_Information supplied_.
════════════════════
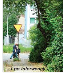
... i po interwencji

pieczeństwa akcja ZOM-u to chwalebna sprawa. Nie można jednak doprowadzić do tego, żeby zgłaszający odnosili wrażenie, że są lekceważeni. Już niedługo liście z drzew zaczynają opadać i nie będzie tak dobrze widać, które znaki są niewidoczne. Namawiamy więc Cytelników, szczególnie tych zmo-
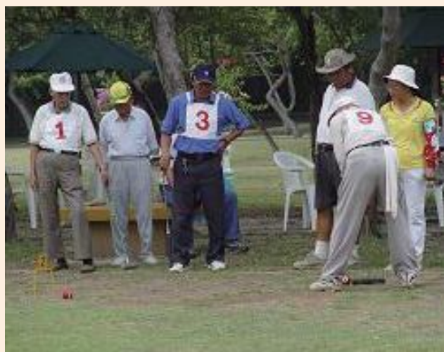
▲佳里榮家槌球比賽。
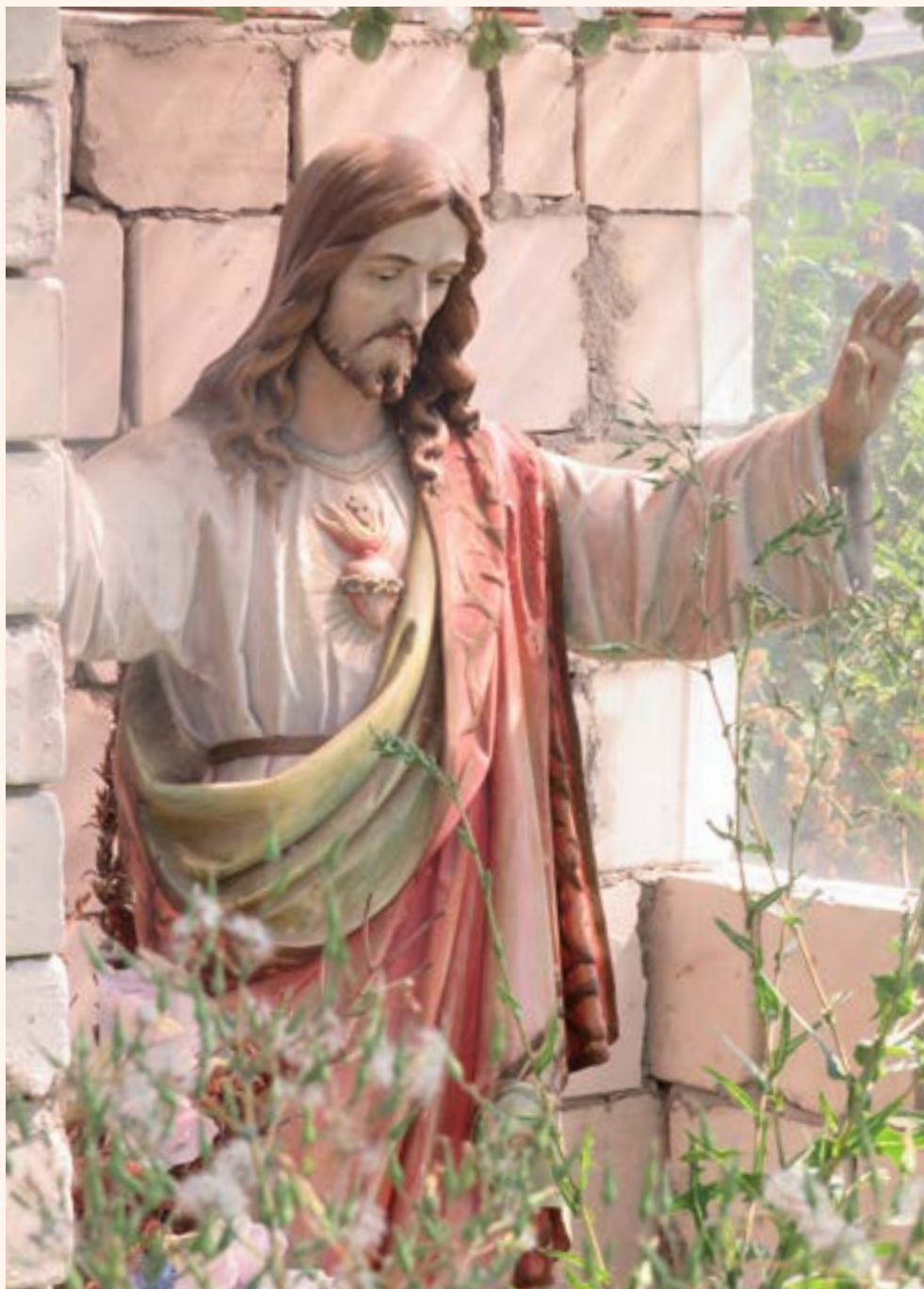
Podpis Figura Najświętszego Serca Pana Jezusa na posesji przy ul. Pięknej.
════════════════════
Nothing but the pictures should be left out when the material above is copied.

_Your response_.
... i po interwencji

pieczeństwa akcja ZOM-u to chwalebna sprawa. Nie można jednak doprowadzić do tego, żeby zgłaszający odnosili wrażenie, że są lekceważeni. Już niedługo liście z drzew zaczynają opadać i nie będzie tak dobrze widać, które znaki są niewidoczne. Namawiamy więc Cytelników, szczególnie tych zmo-
▲佳里榮家槌球比賽。
Podpis Figura Najświętszego Serca Pana Jezusa na posesji przy ul. Pięknej.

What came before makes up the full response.